GetNatLoopbackIP returns the IP address of a virtual loopback, used to route traffic between clients and services via VPP even if the source and destination are the same IP addresses and would otherwise be routed locally.

func (*Plugin) GetNodeIP

func (plugin *Plugin) GetNodeIP() (ip net.IP, network *net.IPNet)

GetNodeIP returns the IP address of this node.

func (*Plugin) GetNsIndex

func (plugin *Plugin) GetNsIndex(podNamespace string, podName string) (nsIndex uint32, exists bool)

GetNsIndex returns the index of the VPP session namespace associated with the given POD name.

func (*Plugin) GetOtherNATSessionTimeout

func (plugin *Plugin) GetOtherNATSessionTimeout() uint32

GetOtherNATSessionTimeout returns NAT session timeout (in minutes) for non-TCP connections, used in case that CleanupIdleNATSessions is turned on.

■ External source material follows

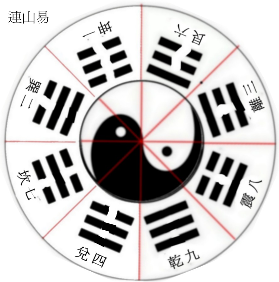 連山卦可由歸藏交艮6或周易交兌4得來,甚至六十四卦也可一卦一卦交變而成.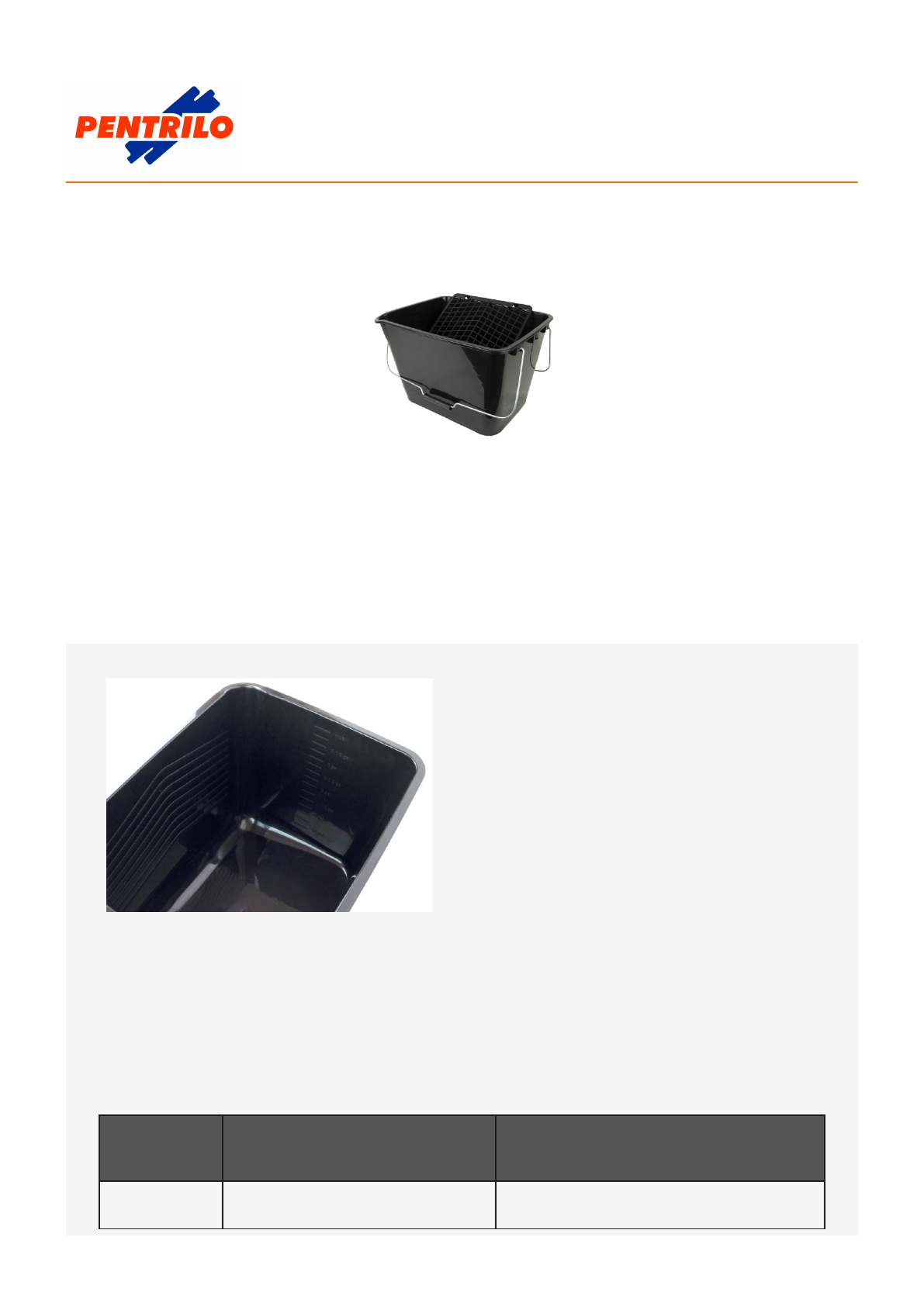 Cubeta Pro Plástico 16L + Rejilla de Plástico Recomendada para rodillos de 22cm y 25cm La cubeta que te permitirá cargar pintura en cantidad y con seguridad. Aprovecha mejor la pintura Base inclinada para mejor aprovechamiento de la pintura. Tabla de productos ref. medida descripción 13231 34,5 x 28 x 21,5 cm Cubeta + Rejilla ref. medida descripción 13232 34,5 x 28 x 21,5 cm Cubeta + Rejilla | En palet ¿Dónde comprar? Tienda más próxima URL de origen: https://www.pentrilo.com/productos/otros/cubetas/cubeta-pro-plastico-16l-rejilla-de-plastico

func (*Plugin) GetOtherPhysicalIfNames

func (plugin *Plugin) GetOtherPhysicalIfNames() []string

GetOtherPhysicalIfNames returns a slice of names of all physical interfaces configured additionally to the main interface.

func (*Plugin) GetPodByAppNsIndex

func (plugin *Plugin) GetPodByAppNsIndex(nsIndex uint32) (podNamespace string, podName string, exists bool)

GetPodByAppNsIndex looks up podName and podNamespace that is associated with the VPP application namespace.

func (*Plugin) GetPodByIf

func (plugin *Plugin) GetPodByIf(ifname string) (podNamespace string, podName string, exists bool)

GetPodByIf looks up podName and podNamespace that is associated with logical interface name.

func (*Plugin) GetPodNetwork

func (plugin *Plugin) GetPodNetwork() *net.IPNet

GetPodNetwork provides subnet used for allocating pod IP addresses on this node.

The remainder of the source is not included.